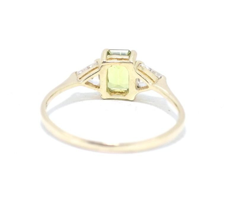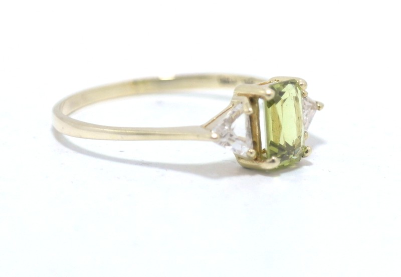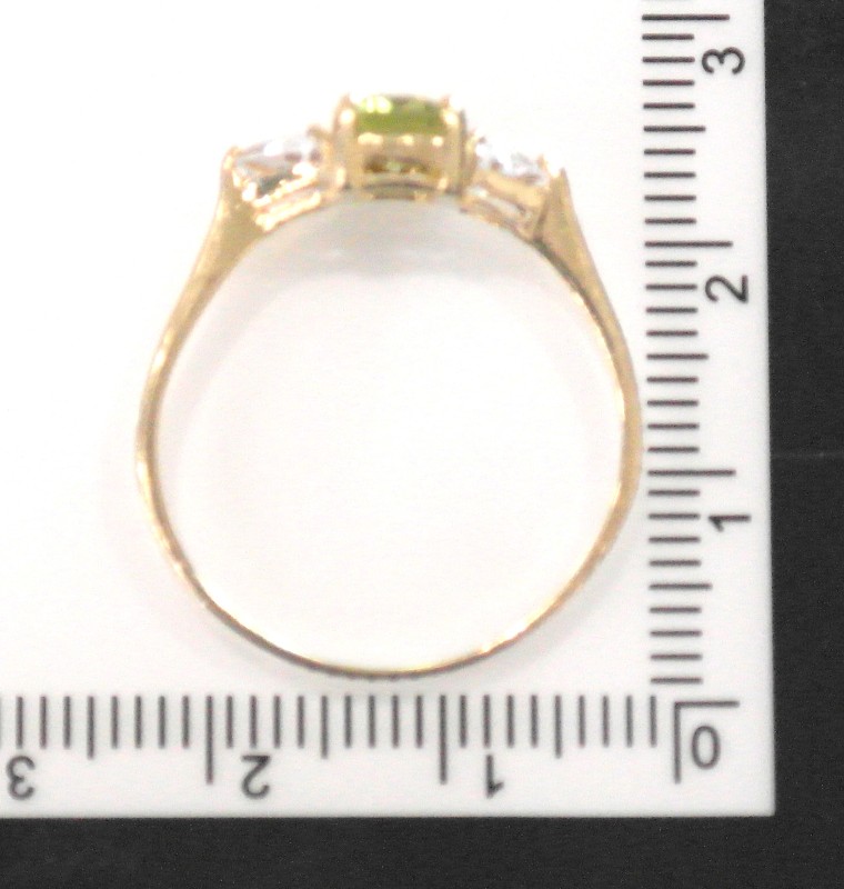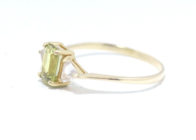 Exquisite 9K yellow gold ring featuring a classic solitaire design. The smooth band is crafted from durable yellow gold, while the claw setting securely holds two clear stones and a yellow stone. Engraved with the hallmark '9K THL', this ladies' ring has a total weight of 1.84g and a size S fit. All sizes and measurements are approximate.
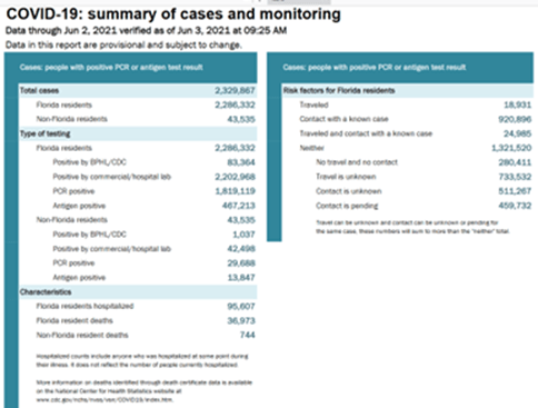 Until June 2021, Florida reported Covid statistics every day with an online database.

━━━━

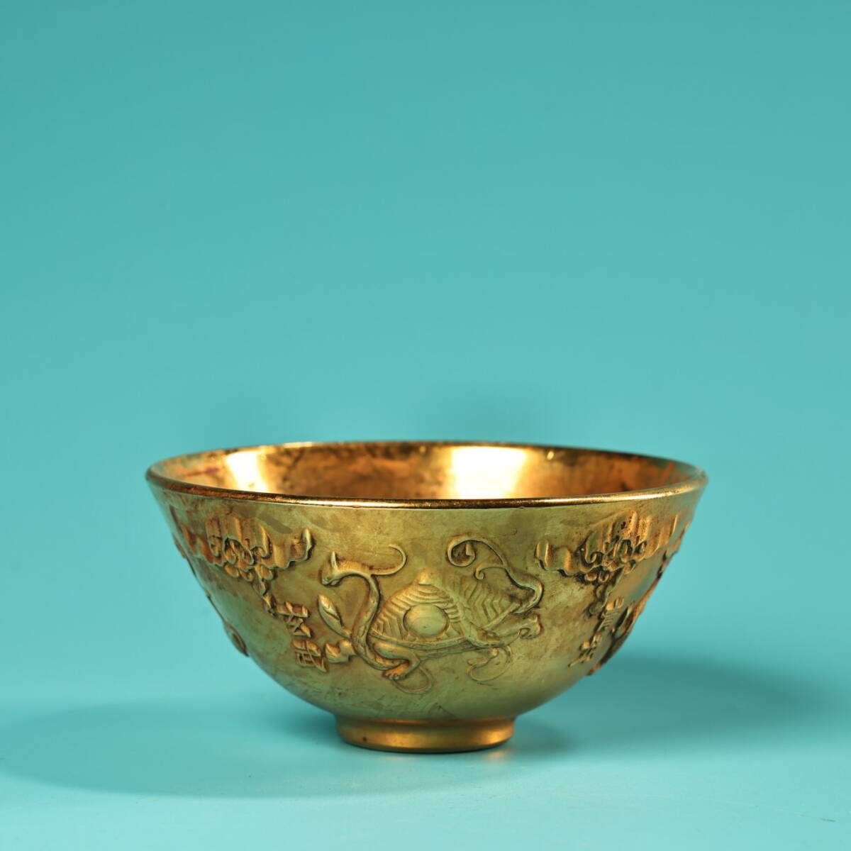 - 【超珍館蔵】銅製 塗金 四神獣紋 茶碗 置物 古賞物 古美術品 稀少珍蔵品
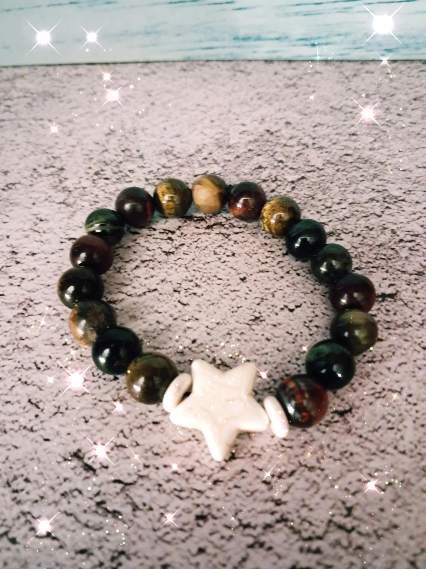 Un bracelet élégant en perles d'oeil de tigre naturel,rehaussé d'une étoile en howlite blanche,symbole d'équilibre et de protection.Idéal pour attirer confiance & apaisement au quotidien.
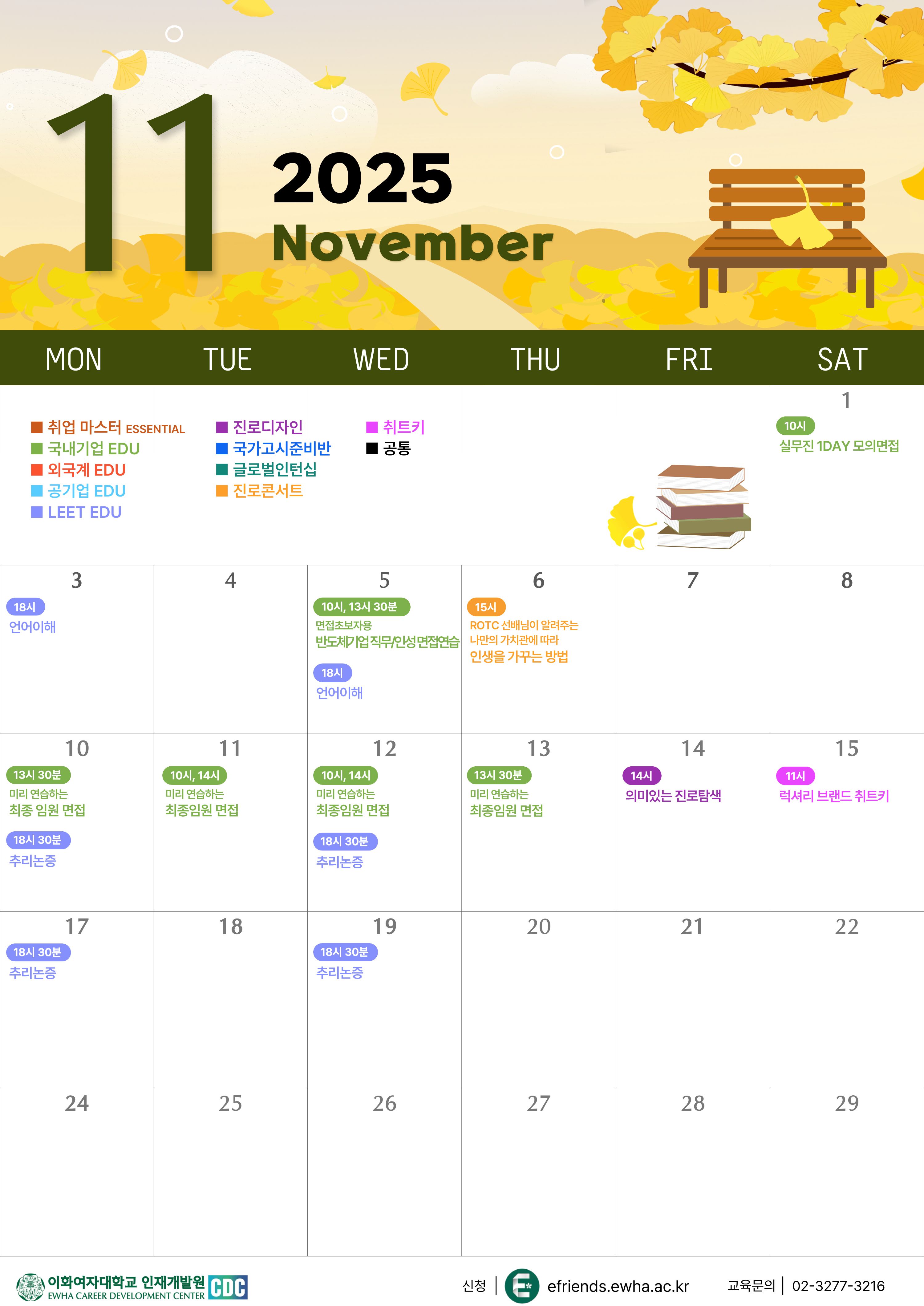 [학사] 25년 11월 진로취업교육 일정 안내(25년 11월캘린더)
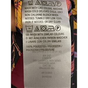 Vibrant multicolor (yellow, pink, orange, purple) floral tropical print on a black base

━━━━

=== What this task involves ===
Given the listing above, retype only the span of lines from the line with "Exquisite 9K yellow" up to and including the line with "Until June 2021, Florida", exactly as it stands and without pictures.

=== Task result ===
 Exquisite 9K yellow gold ring featuring a classic solitaire design. The smooth band is crafted from durable yellow gold, while the claw setting securely holds two clear stones and a yellow stone. Engraved with the hallmark '9K THL', this ladies' ring has a total weight of 1.84g and a size S fit. All sizes and measurements are approximate.
 Until June 2021, Florida reported Covid statistics every day with an online database.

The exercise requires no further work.